Douze
les restes des Français battant en retraite jonchaient le bord des routes, et ils devenaient de plus en plus écœurants. Avant même Orcha, j’avais remarqué que les chevaux tombés n’étaient, de plus en plus souvent, pas juste morts, mais déchiquetés. Je ne pouvais blâmer les soldats affamés, désespérés, de se rabattre sur la consommation de ce qui avait autrefois été leurs fidèles compagnons, afin de sauver leurs propres vies. Cela avait dû commencer avec les chevaux mourant de froid ou de faim ; alors seulement avaient-ils dû être considérés comme de la viande. Plus tard, en revanche, même les chevaux en bonne santé commençaient à être considérés comme une source de nourriture, et ils étaient délibérément abattus. Je ne pouvais pas davantage jeter la pierre aux hommes qui faisaient cela. Ce fut un léger répit lorsque, tandis que je continuais ma route, les corps des juments et des étalons se firent plus rares et plus espacés.
Mais, alors que je me dirigeais vers l’ouest, les signes révélateurs que j’avais vus sur les carcasses des chevaux devinrent maintenant évidents sur les corps des hommes. Lorsque les derniers chevaux étaient morts, une source d’approvisionnement s’était tarie. Les vivants, qui avaient déjà appris à extraire quelque nourriture du corps d’un cheval, en étaient venus à appliquer ces mêmes techniques aux corps de leurs camarades humains. La famine avait conduit au cannibalisme. Comme dans le cas des chevaux, cela avait dû commencer par la profanation de cadavres. Cela n’avait pas pu aller jusqu’au meurtre d’être humains pour leur viande, je n’en doutais pas.
Était-ce la voie sur laquelle les Opritchniki, ou leurs ancêtres, s’étaient embarqués autrefois, il y a bien longtemps ? Non. Comme je l’avais vu dans la grange, et comme Piotr me l’avait dit, les Opritchniki ne mangeaient pas pour leur subsistance, mais par plaisir.
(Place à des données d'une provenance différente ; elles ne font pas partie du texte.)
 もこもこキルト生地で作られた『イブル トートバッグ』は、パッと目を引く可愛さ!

Ils ne pouvaient être comparés aux hommes avilis et affamés qui, de désespoir, s’étaient tournés vers la chair de leurs camarades. Mais, moi aussi je mangeais pour le plaisir. La nourriture est une exigence, mais ce n’était que la plus petite fraction de la motivation derrière tout repas que j’avais dégusté, même dans la plus humble taverne de Moscou. Y avait-il un moment parallèle dans les histoires respectives des vampires et de l’humanité où la consommation, d’une nécessité, était devenue un vice ?
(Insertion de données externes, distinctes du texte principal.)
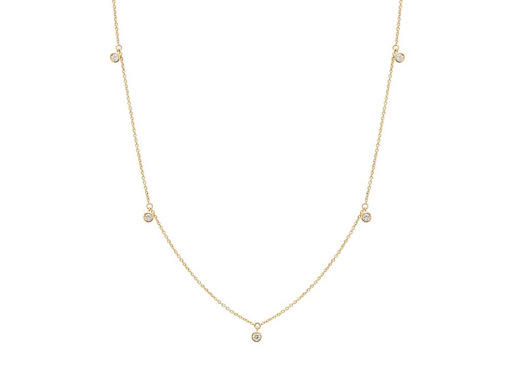 This 14k yellow gold necklace features five round bezel-set diamonds of .10ct. 16 inches long plus a 2-inch extender.
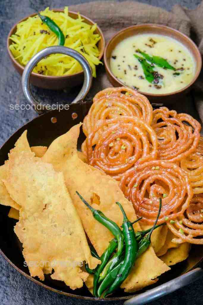 Crisp gram-flour fafda, syrup-soaked jalebi, raw papaya sambharo, fried green chillies—sweet, salty, spicy, oily, crunchy. January mornings are cold. Kite flying burns energy. This breakfast delivers warmth and stamina in one decisive plate.
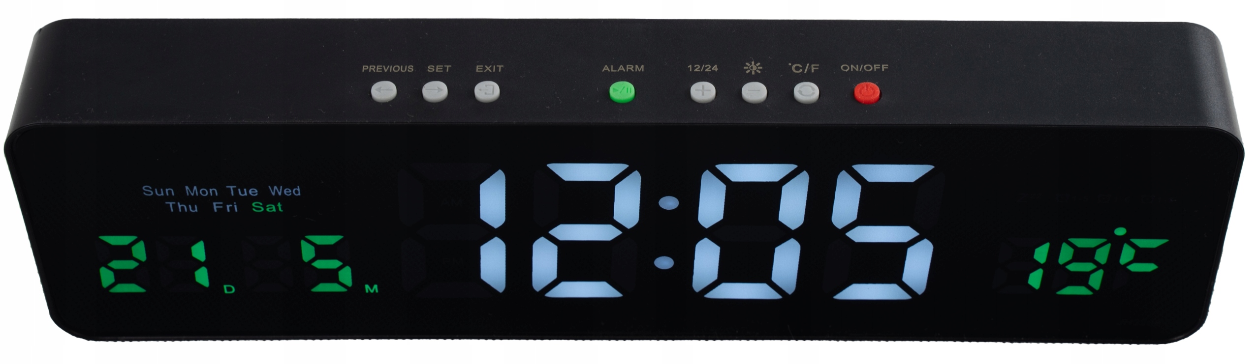 ▶ ️ Примеры чисел, забитые белыми и зелеными цветами, позволяют видеть час даже с большего расстояния и в темноте. Дополнительным преимуществом наших часов является отображение точной даты с днем недели, и встроенный датчик температуры всегда покажет вам, сколько градусов находится в комнате. Часть покрыта прозрачным пластиком. часы

Je me rapprochais désormais de l’arrière-garde de nos propres armées russes, et la route devint plus fréquentée, du fait des traînards essayant de rattraper leur retard et des courriers transportant des messages dans les deux sens. Toutefois, personne, y compris moi, ne se préoccupait même de commencer à déblayer le capharnaüm qu’avait laissé la Grande Armée dans son sillage. Bonaparte n’avait pas encore été vaincu. Il serait temps de débarrasser après.
Deux jours après avoir quitté Orcha, et encore à quelque distance à l’est de Borisov, je parvins à un cantonnement assez important de troupes russes. Je chevauchai jusqu’aux sentinelles et mis pied à terre. Il faisait déjà nuit depuis plusieurs heures, et ils se méfiaient d’un homme qui ne portait pas d’uniforme.
— Mot de passe ? aboya l’un d’eux dans ma direction.
— Je n’en ai aucune idée, je le crains, lui dis-je, mais voici mes papiers.
Je tendis mes références, qu’il inspecta. Elles étaient assez claires pour le convaincre de mon rang et lui donnaient également une certaine idée du fait que je ne faisais pas partie de l’armée régulière. Il jugea préférable de ne pas poser de questions supplémentaires.
— Pouvez-vous me conduire à votre commandant ? lui demandai-je une fois qu’il m’eut rendu mes papiers.
Il courut vers une tente et revint avec un jeune homme d’environ vingt ans, portant l’uniforme de sous-lieutenant d’infanterie de la garde impériale.
— Capitaine Danilov, je présume ? (Je répondis à son salut.) Mon nom est Tarasov. Heureux de vous rencontrer. Qu’est-ce qui amène donc au front un homme de votre secteur d’activité ?
Il n’y avait aucune trace de ressentiment dans ses paroles. C’était un soldat professionnel, et il comprenait qu’il y avait de nombreuses façons pour un homme de servir son pays. D’un geste de la main, il m’indiqua de le suivre à travers le camp.